United States Court of Appeals,
Ninth Circuit.
March 29, 1977.
As Amended on Denial of Rehearing May 16, 1977.
Robert M. Kerr, Jr., argued, Kerr, Williams & Clarke, Blackfoot, Idaho, for appellants.
Richard Anderson, argued, Anderson, Kaufman, Anderson & Ringert, Boise, Idaho, for appellees.
Appeal from the United States District Court for the District of Idaho.

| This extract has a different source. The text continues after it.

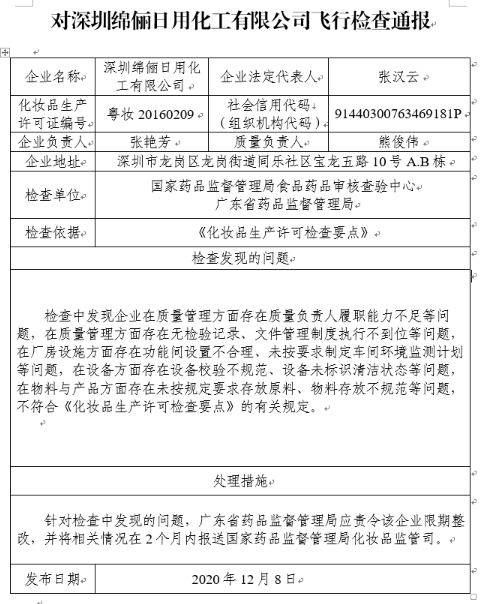 針對檢查中發(fā)現(xiàn)的問題,國家藥監(jiān)局要求廣東省藥品監(jiān)督管理局應責令深圳綿儷日用化工有限公司限期整改,并將相關情況在2個月內報送國家藥品監(jiān)督管理局化妝品監(jiān)管司。
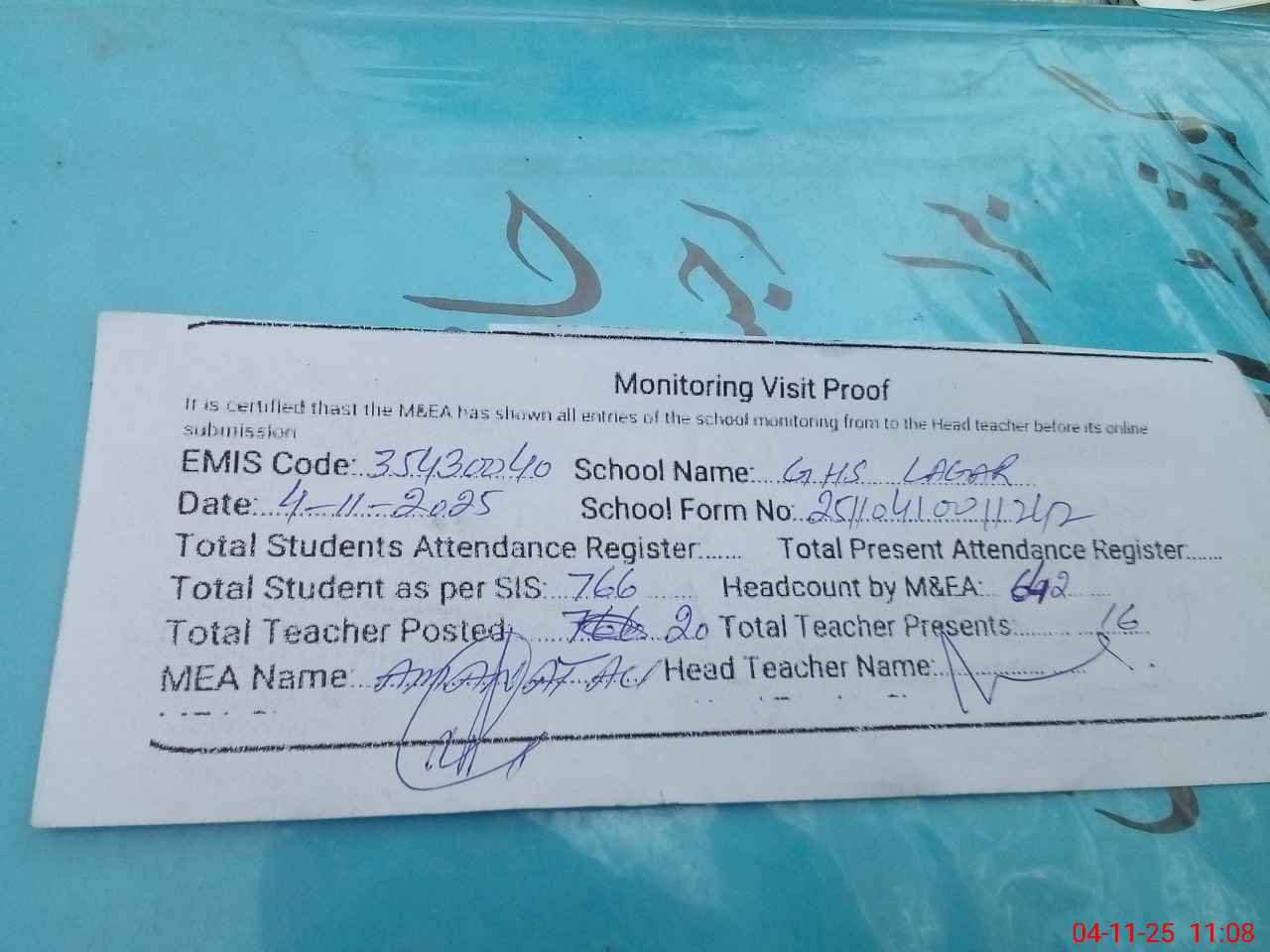 | EMIS Code: 35430040 | Name of School: GHS LAGAR | |||

Before CHAMBERS, HUFSTEDLER and KENNEDY, Circuit Judges.
KENNEDY, Circuit Judge:
In Chapter XI proceedings, creditors who file proofs of claim within thirty days after notice by mail that a plan of arrangement has been confirmed may participate in the plan, to the extent their claims were scheduled by the debtor. Bankruptcy Act § 355, 11 U.S.C. § 755a. The question in this case is whether this statutory right to file a late proof of claim extends to creditors who are scheduled by the debtors as secured parties, but who filed their proof of claim after confirmation of the plan of arrangement.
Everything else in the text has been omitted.